* **EXERCISE DIRECTIONS**: Would you output all the lines below precisely as they stand, leaving each picture out?

* **RAW DATA**:
>>>

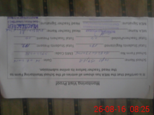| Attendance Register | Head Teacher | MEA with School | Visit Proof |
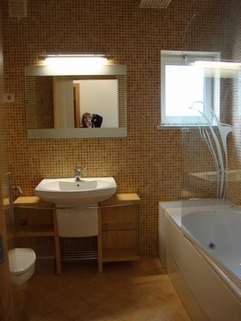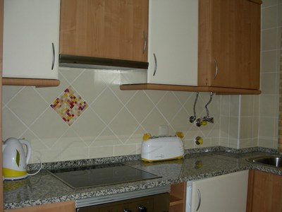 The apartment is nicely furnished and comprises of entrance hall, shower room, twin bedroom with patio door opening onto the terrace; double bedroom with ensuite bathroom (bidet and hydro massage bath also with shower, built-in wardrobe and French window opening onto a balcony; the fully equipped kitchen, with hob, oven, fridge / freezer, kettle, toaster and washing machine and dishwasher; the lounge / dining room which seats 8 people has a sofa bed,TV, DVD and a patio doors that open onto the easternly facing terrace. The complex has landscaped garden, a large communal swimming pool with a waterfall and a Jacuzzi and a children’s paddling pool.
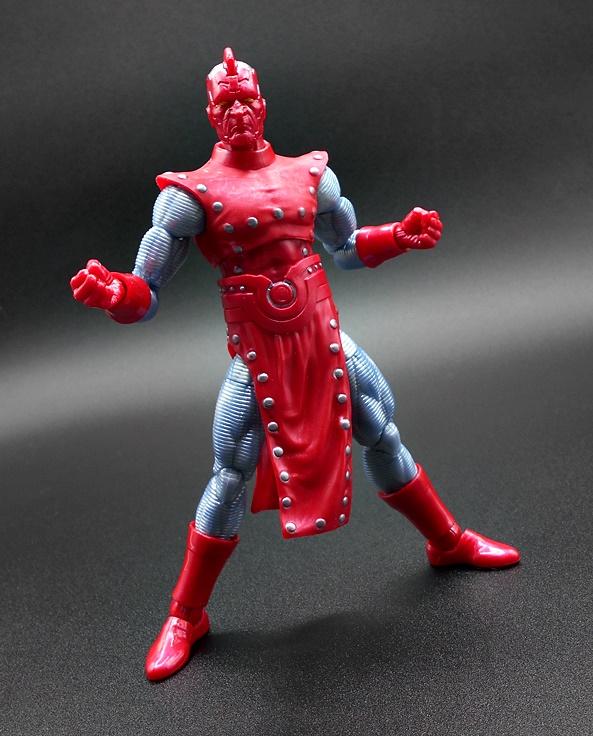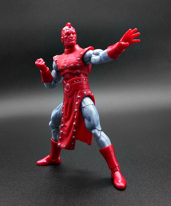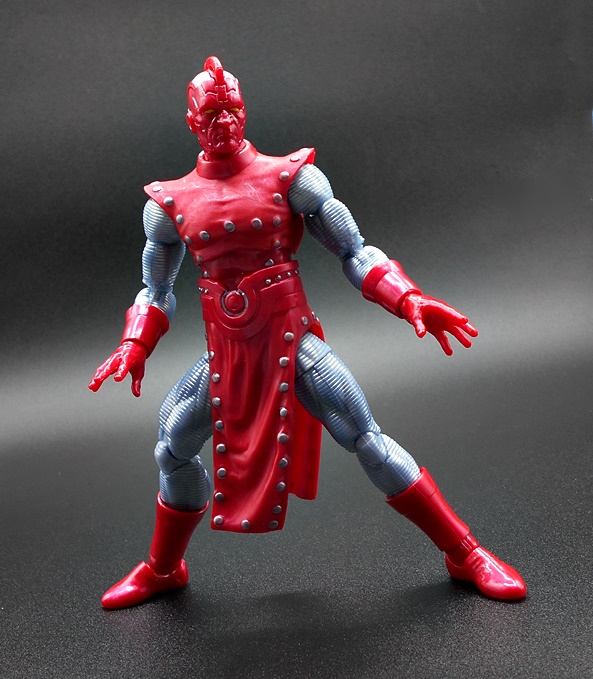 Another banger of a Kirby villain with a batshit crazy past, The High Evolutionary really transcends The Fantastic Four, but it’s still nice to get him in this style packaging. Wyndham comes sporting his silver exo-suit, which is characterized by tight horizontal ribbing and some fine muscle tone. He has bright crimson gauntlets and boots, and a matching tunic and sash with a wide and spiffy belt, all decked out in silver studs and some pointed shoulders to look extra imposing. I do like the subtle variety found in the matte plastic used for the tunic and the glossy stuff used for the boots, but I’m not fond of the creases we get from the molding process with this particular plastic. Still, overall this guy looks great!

<<<

* **TASK ANSWER**:
| Attendance Register | Head Teacher | MEA with School | Visit Proof |
 The apartment is nicely furnished and comprises of entrance hall, shower room, twin bedroom with patio door opening onto the terrace; double bedroom with ensuite bathroom (bidet and hydro massage bath also with shower, built-in wardrobe and French window opening onto a balcony; the fully equipped kitchen, with hob, oven, fridge / freezer, kettle, toaster and washing machine and dishwasher; the lounge / dining room which seats 8 people has a sofa bed,TV, DVD and a patio doors that open onto the easternly facing terrace. The complex has landscaped garden, a large communal swimming pool with a waterfall and a Jacuzzi and a children’s paddling pool.
 Another banger of a Kirby villain with a batshit crazy past, The High Evolutionary really transcends The Fantastic Four, but it’s still nice to get him in this style packaging. Wyndham comes sporting his silver exo-suit, which is characterized by tight horizontal ribbing and some fine muscle tone. He has bright crimson gauntlets and boots, and a matching tunic and sash with a wide and spiffy belt, all decked out in silver studs and some pointed shoulders to look extra imposing. I do like the subtle variety found in the matte plastic used for the tunic and the glossy stuff used for the boots, but I’m not fond of the creases we get from the molding process with this particular plastic. Still, overall this guy looks great!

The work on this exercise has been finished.